■ Problem details ■
Return the data below exactly, but only from the line containing "Pour the mixture" through the line containing "过了桥,有个小小的健康主题公园,健身区摆放了一排一排的几十张乒乓球桌。", with both of those lines included.

■ Provided data ■
======
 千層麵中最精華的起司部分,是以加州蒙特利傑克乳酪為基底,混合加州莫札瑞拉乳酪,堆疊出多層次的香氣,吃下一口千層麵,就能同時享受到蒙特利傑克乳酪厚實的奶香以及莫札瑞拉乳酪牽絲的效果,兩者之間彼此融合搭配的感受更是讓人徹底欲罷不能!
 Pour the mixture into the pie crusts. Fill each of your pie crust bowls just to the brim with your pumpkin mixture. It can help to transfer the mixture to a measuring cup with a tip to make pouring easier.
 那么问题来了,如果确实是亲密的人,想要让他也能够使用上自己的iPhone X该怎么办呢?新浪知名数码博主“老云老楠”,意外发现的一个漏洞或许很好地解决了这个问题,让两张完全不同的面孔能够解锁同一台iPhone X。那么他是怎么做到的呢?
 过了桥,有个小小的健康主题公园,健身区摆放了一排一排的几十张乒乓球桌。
======
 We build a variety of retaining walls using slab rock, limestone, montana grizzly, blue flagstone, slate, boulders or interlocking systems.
======
■ Task solution ■
 Pour the mixture into the pie crusts. Fill each of your pie crust bowls just to the brim with your pumpkin mixture. It can help to transfer the mixture to a measuring cup with a tip to make pouring easier.
 那么问题来了,如果确实是亲密的人,想要让他也能够使用上自己的iPhone X该怎么办呢?新浪知名数码博主“老云老楠”,意外发现的一个漏洞或许很好地解决了这个问题,让两张完全不同的面孔能够解锁同一台iPhone X。那么他是怎么做到的呢?
 过了桥,有个小小的健康主题公园,健身区摆放了一排一排的几十张乒乓球桌。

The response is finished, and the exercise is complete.